Domo’s customer acquisition costs are massive, and its operating costs as a percentage of gross profit are more than 300%. This is much higher compared to Alteryx, where the ratio is less than 200%. The below charts give a comparative analysis of Domo and Alteryx’s expenses:

Domo’s Expenses Are A Concern

From these charts it can be seen that Domo’s cost of revenues are higher (significantly lower gross margin compared to Alteryx) and the company is spending significantly more on sales and marketing. In 2017, Domo’s total revenues were $108 million, while it spent $131 million on sales and marketing – more than 100% of revenues. Alteryx, on the other hand, spent $66 million on sales and marketing to generate revenues of around $131 million in the same year – spending a much more sustainable 50% of revenues on sales and marketing.

To put the size of Domo’s sales and marketing expenses in perspective, Domo added 73 new customers in Q1 2018, with a corresponding sales spend of $39.6 million – working out to a customer acquisition cost (CAC) north of half a million dollars per customer. This kind of spending is clearly not sustainable, considering the fact that the company generated an average of $60,000 in annual subscription fees per customer over this period. That said, the fierce competition among incumbents in the rapidly-growing business intelligence industry will require Domo to continue to spend aggressively on sales and marketing expenses in the future.

It should be noted, however, that these expenses also include Domo’s annual conference, Domopalooza, which plays an important role in spreading brand awareness. The company could certainly save a lot of cash by toning down expenses on this event if need be – focusing instead on a more targeted approach to attract potential customers.

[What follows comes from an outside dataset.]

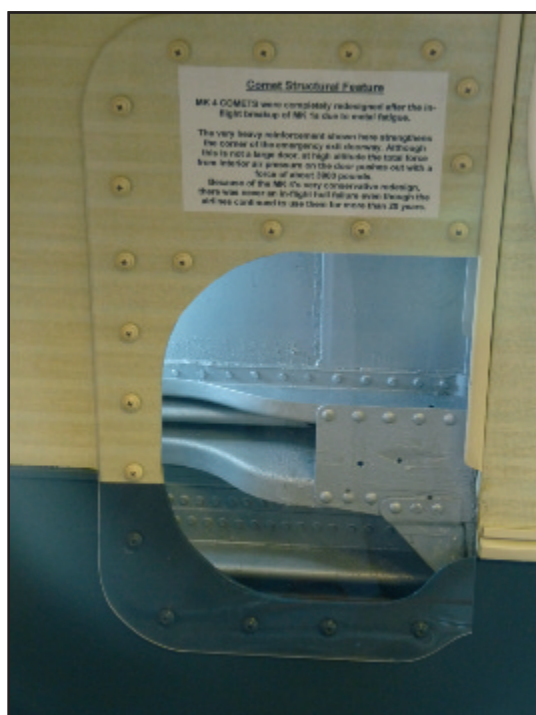
Reinforcement at corner of emergency exit.

The aft passenger cabin should also reproduce the original appearance. But, in this section, we are going to show visitors a few of the many very creative and technically impressive features of the de Havilland design. Features to be highlighted include the massive reinforcement around the emergency exit. Also, we plan to have a clear panel in the floor over the aileron control bay. Its many features will be spotlighted with explanatory placards drawing visitor's attention to the 'fly by hydraulics' controls and many levels of system redundancy. A small clear panel in the ceiling will also show the very advanced (for the 1940s) use of Coanda effect to direct air-flow from overhead ducts to the space between the outer skin insulation and the interior finish panels.

Meanwhile, Alteryx has maintained a dollar-based net revenue retention rate of around 130% between March 2016 and December 2017, indicating that it is able to generate increasing revenues from its base customers every quarter. The company has also been able to expand this strong base with more modest sales and marketing costs. Between 2016 and 2017, Alteryx added around 1000 new customers and spent $66 million on sales and marketing, which roughly works out to around $60,000 per customer.

Domo’s valuation has declined significantly and the company is commanding a very low Price/Sales multiple, most likely due to the uncertainty around its future revenue growth – given the high customer acquisition costs and cash required to incur these costs.

We forecast Domo’s revenues in 2018 to be just under $135 million, while Alteryx could generate revenues of more than $175 million. However, the Alteryx’s forward revenue multiple based on 2018 revenue forecasts is around 13.5x, compared to Domo’s forward multiple of about 4.5x. This implies concerns surrounding Domo’s high operating expenses and uncertainty around whether the company will have to raise more capital in the near term in order to fund its customer acquisition costs and drive future revenues.